#### RECORDS FOR THE EXERCISE:
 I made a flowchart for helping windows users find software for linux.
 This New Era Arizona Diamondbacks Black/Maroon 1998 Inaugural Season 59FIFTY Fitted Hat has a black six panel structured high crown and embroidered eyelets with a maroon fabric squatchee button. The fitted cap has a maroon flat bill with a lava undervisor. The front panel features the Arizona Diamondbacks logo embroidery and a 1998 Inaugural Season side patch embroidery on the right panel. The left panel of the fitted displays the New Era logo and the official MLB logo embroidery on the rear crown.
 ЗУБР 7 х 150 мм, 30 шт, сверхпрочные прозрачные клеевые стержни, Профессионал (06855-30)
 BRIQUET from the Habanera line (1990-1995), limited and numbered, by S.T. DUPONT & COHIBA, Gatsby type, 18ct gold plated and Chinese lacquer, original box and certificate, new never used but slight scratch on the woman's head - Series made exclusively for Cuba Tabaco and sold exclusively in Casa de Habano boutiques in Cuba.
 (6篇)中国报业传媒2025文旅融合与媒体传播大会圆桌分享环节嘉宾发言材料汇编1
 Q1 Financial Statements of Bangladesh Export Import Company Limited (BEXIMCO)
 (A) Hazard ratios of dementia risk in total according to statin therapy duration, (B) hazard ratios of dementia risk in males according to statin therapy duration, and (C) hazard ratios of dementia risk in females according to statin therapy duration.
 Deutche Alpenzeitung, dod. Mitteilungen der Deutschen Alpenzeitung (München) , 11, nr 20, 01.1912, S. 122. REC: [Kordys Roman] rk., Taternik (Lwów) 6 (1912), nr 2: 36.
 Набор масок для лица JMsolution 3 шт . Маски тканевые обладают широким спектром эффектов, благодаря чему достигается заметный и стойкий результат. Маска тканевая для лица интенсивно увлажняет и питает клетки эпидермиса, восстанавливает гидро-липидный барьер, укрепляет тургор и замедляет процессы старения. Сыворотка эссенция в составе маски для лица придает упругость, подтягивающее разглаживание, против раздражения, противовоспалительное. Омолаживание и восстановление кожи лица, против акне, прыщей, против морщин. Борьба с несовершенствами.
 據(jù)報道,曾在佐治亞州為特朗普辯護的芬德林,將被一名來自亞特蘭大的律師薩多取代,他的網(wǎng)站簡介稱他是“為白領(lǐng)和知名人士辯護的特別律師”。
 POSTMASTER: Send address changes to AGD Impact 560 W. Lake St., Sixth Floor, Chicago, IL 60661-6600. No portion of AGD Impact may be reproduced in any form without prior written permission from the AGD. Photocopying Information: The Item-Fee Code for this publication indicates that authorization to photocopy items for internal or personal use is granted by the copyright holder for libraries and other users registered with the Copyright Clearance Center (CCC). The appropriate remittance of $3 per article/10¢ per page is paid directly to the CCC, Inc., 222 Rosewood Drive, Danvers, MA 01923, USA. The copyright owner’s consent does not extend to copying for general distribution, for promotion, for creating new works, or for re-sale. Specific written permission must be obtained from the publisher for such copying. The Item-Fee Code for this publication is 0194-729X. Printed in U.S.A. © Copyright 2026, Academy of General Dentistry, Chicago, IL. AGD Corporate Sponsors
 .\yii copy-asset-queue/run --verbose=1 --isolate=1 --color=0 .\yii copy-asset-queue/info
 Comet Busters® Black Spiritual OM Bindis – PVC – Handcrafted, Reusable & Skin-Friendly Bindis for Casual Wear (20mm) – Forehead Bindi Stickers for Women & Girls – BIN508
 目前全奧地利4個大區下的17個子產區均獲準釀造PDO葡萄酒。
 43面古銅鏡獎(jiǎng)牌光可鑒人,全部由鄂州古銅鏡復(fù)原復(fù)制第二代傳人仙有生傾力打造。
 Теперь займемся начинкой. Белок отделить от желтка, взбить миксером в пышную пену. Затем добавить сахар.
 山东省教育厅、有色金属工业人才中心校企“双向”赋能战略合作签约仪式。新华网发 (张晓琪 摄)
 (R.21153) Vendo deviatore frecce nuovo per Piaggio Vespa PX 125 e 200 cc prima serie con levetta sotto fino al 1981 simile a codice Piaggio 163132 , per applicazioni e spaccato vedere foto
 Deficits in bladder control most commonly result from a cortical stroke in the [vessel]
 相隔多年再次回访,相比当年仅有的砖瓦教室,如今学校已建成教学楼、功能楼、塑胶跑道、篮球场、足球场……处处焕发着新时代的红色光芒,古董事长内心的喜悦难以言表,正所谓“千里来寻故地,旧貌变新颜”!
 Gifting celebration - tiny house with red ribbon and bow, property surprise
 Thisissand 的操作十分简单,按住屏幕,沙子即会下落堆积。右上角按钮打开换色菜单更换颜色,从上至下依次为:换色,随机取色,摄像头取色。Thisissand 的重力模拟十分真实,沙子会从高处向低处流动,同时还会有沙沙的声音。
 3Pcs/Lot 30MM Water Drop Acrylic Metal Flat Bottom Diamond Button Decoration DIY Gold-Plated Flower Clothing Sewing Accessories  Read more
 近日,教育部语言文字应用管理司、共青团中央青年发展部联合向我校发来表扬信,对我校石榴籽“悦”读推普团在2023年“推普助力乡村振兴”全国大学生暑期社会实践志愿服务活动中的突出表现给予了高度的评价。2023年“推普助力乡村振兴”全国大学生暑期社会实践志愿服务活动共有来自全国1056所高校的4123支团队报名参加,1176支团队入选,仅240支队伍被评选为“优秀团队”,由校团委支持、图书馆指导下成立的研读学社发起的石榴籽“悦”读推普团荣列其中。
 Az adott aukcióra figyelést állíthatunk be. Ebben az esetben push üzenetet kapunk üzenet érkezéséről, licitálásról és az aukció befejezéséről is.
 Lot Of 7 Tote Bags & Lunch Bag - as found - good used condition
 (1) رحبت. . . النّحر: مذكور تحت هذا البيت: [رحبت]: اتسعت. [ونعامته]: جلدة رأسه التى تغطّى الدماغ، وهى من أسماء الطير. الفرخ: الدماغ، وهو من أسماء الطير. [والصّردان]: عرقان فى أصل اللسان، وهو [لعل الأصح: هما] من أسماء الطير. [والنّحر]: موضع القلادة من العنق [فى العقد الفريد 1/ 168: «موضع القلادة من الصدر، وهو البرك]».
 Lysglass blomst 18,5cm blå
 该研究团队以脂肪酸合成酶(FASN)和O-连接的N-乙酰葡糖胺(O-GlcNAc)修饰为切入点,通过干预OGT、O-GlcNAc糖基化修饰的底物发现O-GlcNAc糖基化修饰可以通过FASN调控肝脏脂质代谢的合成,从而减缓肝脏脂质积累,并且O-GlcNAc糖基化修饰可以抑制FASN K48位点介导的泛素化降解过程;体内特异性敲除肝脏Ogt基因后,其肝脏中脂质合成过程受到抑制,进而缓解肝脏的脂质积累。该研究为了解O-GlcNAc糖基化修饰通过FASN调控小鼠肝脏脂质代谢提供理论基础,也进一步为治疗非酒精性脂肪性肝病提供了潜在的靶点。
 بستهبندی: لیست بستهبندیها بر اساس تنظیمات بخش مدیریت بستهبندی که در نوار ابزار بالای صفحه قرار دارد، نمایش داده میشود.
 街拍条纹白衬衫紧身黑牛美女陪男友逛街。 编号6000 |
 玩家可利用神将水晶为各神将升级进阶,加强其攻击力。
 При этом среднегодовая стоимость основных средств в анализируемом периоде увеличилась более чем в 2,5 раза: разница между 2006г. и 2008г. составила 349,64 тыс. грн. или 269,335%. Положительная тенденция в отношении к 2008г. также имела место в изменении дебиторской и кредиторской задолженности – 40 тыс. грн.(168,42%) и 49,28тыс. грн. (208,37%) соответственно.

#### TO DO:
Each line of the listing is to be repeated without alteration.

#### EXERCISE ANSWER:
 I made a flowchart for helping windows users find software for linux.
 This New Era Arizona Diamondbacks Black/Maroon 1998 Inaugural Season 59FIFTY Fitted Hat has a black six panel structured high crown and embroidered eyelets with a maroon fabric squatchee button. The fitted cap has a maroon flat bill with a lava undervisor. The front panel features the Arizona Diamondbacks logo embroidery and a 1998 Inaugural Season side patch embroidery on the right panel. The left panel of the fitted displays the New Era logo and the official MLB logo embroidery on the rear crown.
 ЗУБР 7 х 150 мм, 30 шт, сверхпрочные прозрачные клеевые стержни, Профессионал (06855-30)
 BRIQUET from the Habanera line (1990-1995), limited and numbered, by S.T. DUPONT & COHIBA, Gatsby type, 18ct gold plated and Chinese lacquer, original box and certificate, new never used but slight scratch on the woman's head - Series made exclusively for Cuba Tabaco and sold exclusively in Casa de Habano boutiques in Cuba.
 (6篇)中国报业传媒2025文旅融合与媒体传播大会圆桌分享环节嘉宾发言材料汇编1
 Q1 Financial Statements of Bangladesh Export Import Company Limited (BEXIMCO)
 (A) Hazard ratios of dementia risk in total according to statin therapy duration, (B) hazard ratios of dementia risk in males according to statin therapy duration, and (C) hazard ratios of dementia risk in females according to statin therapy duration.
 Deutche Alpenzeitung, dod. Mitteilungen der Deutschen Alpenzeitung (München) , 11, nr 20, 01.1912, S. 122. REC: [Kordys Roman] rk., Taternik (Lwów) 6 (1912), nr 2: 36.
 Набор масок для лица JMsolution 3 шт . Маски тканевые обладают широким спектром эффектов, благодаря чему достигается заметный и стойкий результат. Маска тканевая для лица интенсивно увлажняет и питает клетки эпидермиса, восстанавливает гидро-липидный барьер, укрепляет тургор и замедляет процессы старения. Сыворотка эссенция в составе маски для лица придает упругость, подтягивающее разглаживание, против раздражения, противовоспалительное. Омолаживание и восстановление кожи лица, против акне, прыщей, против морщин. Борьба с несовершенствами.
 據(jù)報道,曾在佐治亞州為特朗普辯護的芬德林,將被一名來自亞特蘭大的律師薩多取代,他的網(wǎng)站簡介稱他是“為白領(lǐng)和知名人士辯護的特別律師”。
 POSTMASTER: Send address changes to AGD Impact 560 W. Lake St., Sixth Floor, Chicago, IL 60661-6600. No portion of AGD Impact may be reproduced in any form without prior written permission from the AGD. Photocopying Information: The Item-Fee Code for this publication indicates that authorization to photocopy items for internal or personal use is granted by the copyright holder for libraries and other users registered with the Copyright Clearance Center (CCC). The appropriate remittance of $3 per article/10¢ per page is paid directly to the CCC, Inc., 222 Rosewood Drive, Danvers, MA 01923, USA. The copyright owner’s consent does not extend to copying for general distribution, for promotion, for creating new works, or for re-sale. Specific written permission must be obtained from the publisher for such copying. The Item-Fee Code for this publication is 0194-729X. Printed in U.S.A. © Copyright 2026, Academy of General Dentistry, Chicago, IL. AGD Corporate Sponsors
 .\yii copy-asset-queue/run --verbose=1 --isolate=1 --color=0 .\yii copy-asset-queue/info
 Comet Busters® Black Spiritual OM Bindis – PVC – Handcrafted, Reusable & Skin-Friendly Bindis for Casual Wear (20mm) – Forehead Bindi Stickers for Women & Girls – BIN508
 目前全奧地利4個大區下的17個子產區均獲準釀造PDO葡萄酒。
 43面古銅鏡獎(jiǎng)牌光可鑒人,全部由鄂州古銅鏡復(fù)原復(fù)制第二代傳人仙有生傾力打造。
 Теперь займемся начинкой. Белок отделить от желтка, взбить миксером в пышную пену. Затем добавить сахар.
 山东省教育厅、有色金属工业人才中心校企“双向”赋能战略合作签约仪式。新华网发 (张晓琪 摄)
 (R.21153) Vendo deviatore frecce nuovo per Piaggio Vespa PX 125 e 200 cc prima serie con levetta sotto fino al 1981 simile a codice Piaggio 163132 , per applicazioni e spaccato vedere foto
 Deficits in bladder control most commonly result from a cortical stroke in the [vessel]
 相隔多年再次回访,相比当年仅有的砖瓦教室,如今学校已建成教学楼、功能楼、塑胶跑道、篮球场、足球场……处处焕发着新时代的红色光芒,古董事长内心的喜悦难以言表,正所谓“千里来寻故地,旧貌变新颜”!
 Gifting celebration - tiny house with red ribbon and bow, property surprise
 Thisissand 的操作十分简单,按住屏幕,沙子即会下落堆积。右上角按钮打开换色菜单更换颜色,从上至下依次为:换色,随机取色,摄像头取色。Thisissand 的重力模拟十分真实,沙子会从高处向低处流动,同时还会有沙沙的声音。
 3Pcs/Lot 30MM Water Drop Acrylic Metal Flat Bottom Diamond Button Decoration DIY Gold-Plated Flower Clothing Sewing Accessories  Read more
 近日,教育部语言文字应用管理司、共青团中央青年发展部联合向我校发来表扬信,对我校石榴籽“悦”读推普团在2023年“推普助力乡村振兴”全国大学生暑期社会实践志愿服务活动中的突出表现给予了高度的评价。2023年“推普助力乡村振兴”全国大学生暑期社会实践志愿服务活动共有来自全国1056所高校的4123支团队报名参加,1176支团队入选,仅240支队伍被评选为“优秀团队”,由校团委支持、图书馆指导下成立的研读学社发起的石榴籽“悦”读推普团荣列其中。
 Az adott aukcióra figyelést állíthatunk be. Ebben az esetben push üzenetet kapunk üzenet érkezéséről, licitálásról és az aukció befejezéséről is.
 Lot Of 7 Tote Bags & Lunch Bag - as found - good used condition
 (1) رحبت. . . النّحر: مذكور تحت هذا البيت: [رحبت]: اتسعت. [ونعامته]: جلدة رأسه التى تغطّى الدماغ، وهى من أسماء الطير. الفرخ: الدماغ، وهو من أسماء الطير. [والصّردان]: عرقان فى أصل اللسان، وهو [لعل الأصح: هما] من أسماء الطير. [والنّحر]: موضع القلادة من العنق [فى العقد الفريد 1/ 168: «موضع القلادة من الصدر، وهو البرك]».
 Lysglass blomst 18,5cm blå
 该研究团队以脂肪酸合成酶(FASN)和O-连接的N-乙酰葡糖胺(O-GlcNAc)修饰为切入点,通过干预OGT、O-GlcNAc糖基化修饰的底物发现O-GlcNAc糖基化修饰可以通过FASN调控肝脏脂质代谢的合成,从而减缓肝脏脂质积累,并且O-GlcNAc糖基化修饰可以抑制FASN K48位点介导的泛素化降解过程;体内特异性敲除肝脏Ogt基因后,其肝脏中脂质合成过程受到抑制,进而缓解肝脏的脂质积累。该研究为了解O-GlcNAc糖基化修饰通过FASN调控小鼠肝脏脂质代谢提供理论基础,也进一步为治疗非酒精性脂肪性肝病提供了潜在的靶点。
 بستهبندی: لیست بستهبندیها بر اساس تنظیمات بخش مدیریت بستهبندی که در نوار ابزار بالای صفحه قرار دارد، نمایش داده میشود.
 街拍条纹白衬衫紧身黑牛美女陪男友逛街。 编号6000 |
 玩家可利用神将水晶为各神将升级进阶,加强其攻击力。
 При этом среднегодовая стоимость основных средств в анализируемом периоде увеличилась более чем в 2,5 раза: разница между 2006г. и 2008г. составила 349,64 тыс. грн. или 269,335%. Положительная тенденция в отношении к 2008г. также имела место в изменении дебиторской и кредиторской задолженности – 40 тыс. грн.(168,42%) и 49,28тыс. грн. (208,37%) соответственно.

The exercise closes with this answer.